Design, Modeling and Fabrication of Metamaterials, 14-R8008Printer Friendly Version
Inclusive Dates: 12/03/08 Current
Background - Electromagnetic metamaterials are hybrid materials with unit periodicity designed to exhibit unique properties when they interact with an electromagnetic (EM) field, such as light, at a wavelength much larger than the unit structure. These materials consist of inclusions within a host background (e.g., polymer, ceramic, or air). Metamaterials have emerged recently as a subject of intense research by the physics, chemistry, and materials communities because they promise to become the building blocks for novel device applications, such as future-generation microprocessors based on the propagation of light (instead of current), small radio-frequency antennas, high-sensitivity chemical sensors, and optical cloaking, among many others. SwRI uses metamaterials in two different applications: electrically small antennas and plasmon-mediated chemical catalysis.
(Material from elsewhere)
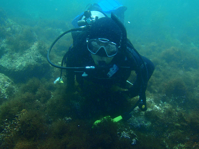 ![]() ・気温 18℃ ・水温 17℃〜18℃ ・波高 0.0 m ・風 南東(1) ・透視度 8m〜12m ・コメント 「 久々のダイブは? 」 |
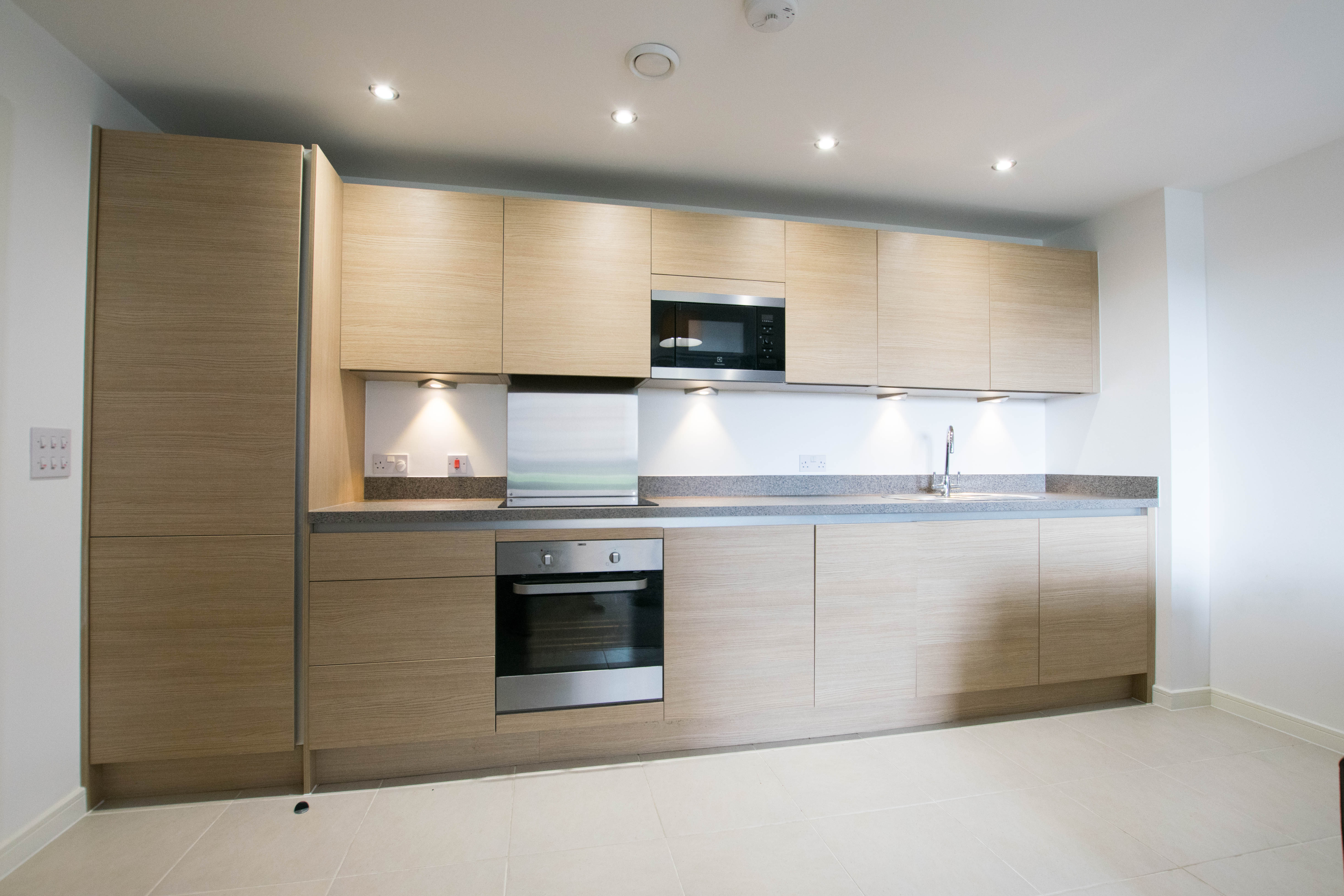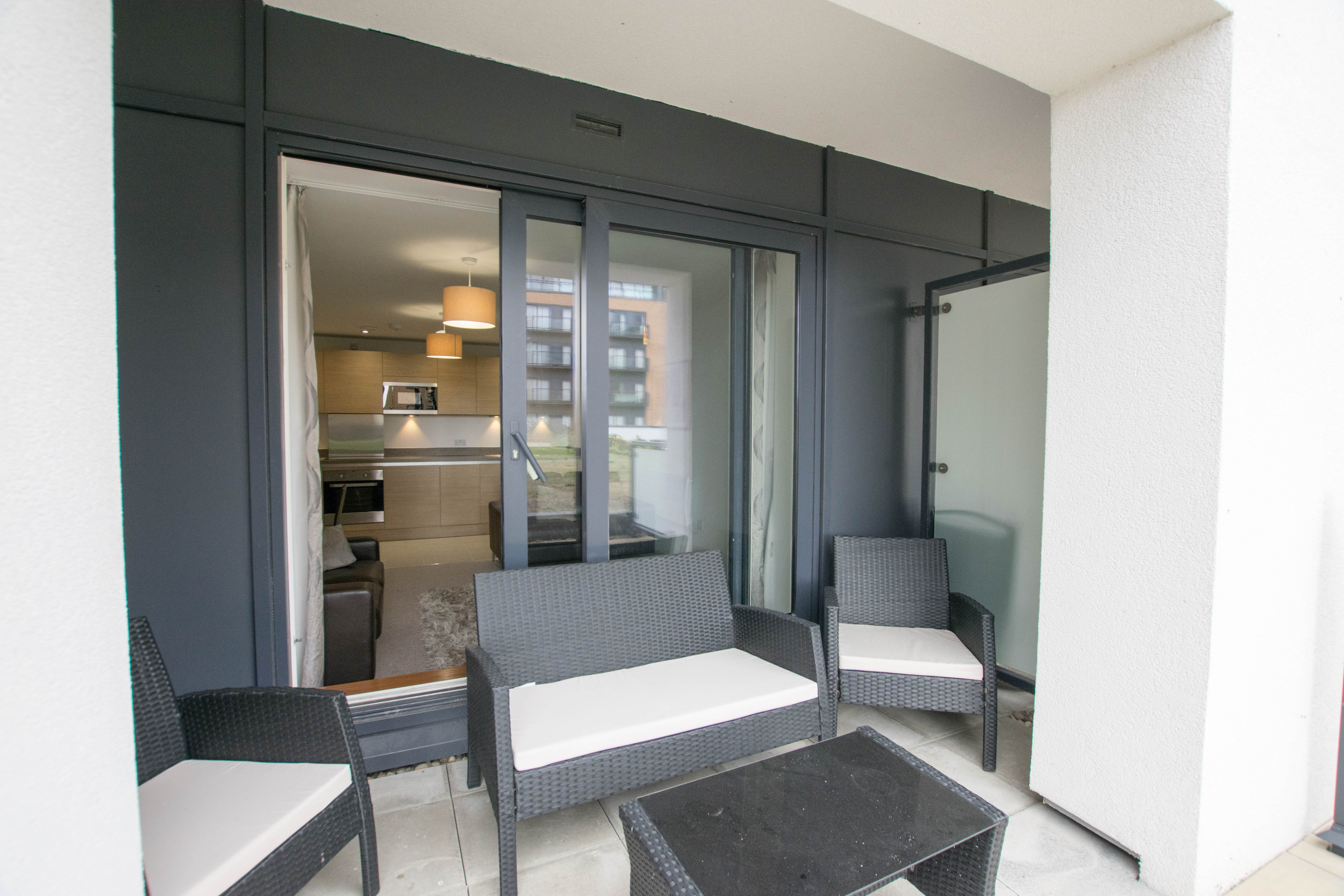 17’1 x 14’5. Patio style door to front affording water views over Cardiff Bay, range of wall and base units with inset stainless steel sink and complementing worktop over, inset ceramic hob with ducted and vented cooker hood, built under electric oven, integrated fridge/freezer, microwave, washer/dryer, dishwasher, ceramic tiled flooring in kitchen area, telephone TV aerial/sky point. Will be furnished with 2 x 2 seater sofas, glass dining table and 4 chairs, coffee table, scatter cushions, rug, lamp and curtains to windows.

Small antennas are often necessary, yet they possess undesirable characteristics. It is difficult to match their impedance to the electronics. Small antennas with well-matched impedance and frequency tuning independent of the antenna's size are possible using metamaterials.
An important phenomenon in certain types of metamaterial structures is the proficiency in which surface plasmons (spatially intense oscillations of free electrons) are excited. SwRI's interests are directed toward the fundamental question of whether surface plasmons can be elicited from metamaterials at infrared (IR) frequencies to affect the binding interactions or chemical transformation of adsorbed molecules.
Approach - A novel, electrically small patch antenna incorporating metamaterials as the key component was selected from the literature for the feasibility study. The goal was to determine whether metamaterials improve electrically small antennas and whether they are practical to implement. SwRI designed, built and tested this metamaterial antenna at several frequencies and compared its antennas to conventional, electrically small antennas. Experimental validation of plasmon-mediated chemical binding and catalysis effects was accomplished by establishing a framework for modeling the EM scattering properties of three-dimensional periodic structures and exploring suitable techniques for fabricating the structures. Ab initio and classical computations were employed to determine what shapes and sizes of 3-D periodic structures could elicit surface plasmons at IR frequencies.
Accomplishments - SwRI researchers found that antenna resonance can be tuned independently of antenna dimensions. Excellent impedance match was achieved for antennas as small as a 30th of a wavelength (λ/30). The types of metamaterials used to load the antenna included spiral ring resonators printed on circuit board, an array of barium strontium titanate cubes, and Sievenpiper (or "mushroom") structures on printed circuit board. The SwRI team is one of the first to report results for this innovative antenna. In the plasmonics research, SwRI demonstrated via systematic computations that free-standing (3-D) wire grids of cubic symmetry can be tailored to evince surface plasmons with infrared frequencies. It was further shown that the oscillating EM field of these plasmons may directly couple with the ground-state fundamental vibrations of adsorbed molecules. Fabrication of these structures will involve proximity nano-patterning and optical phase-mask lithography.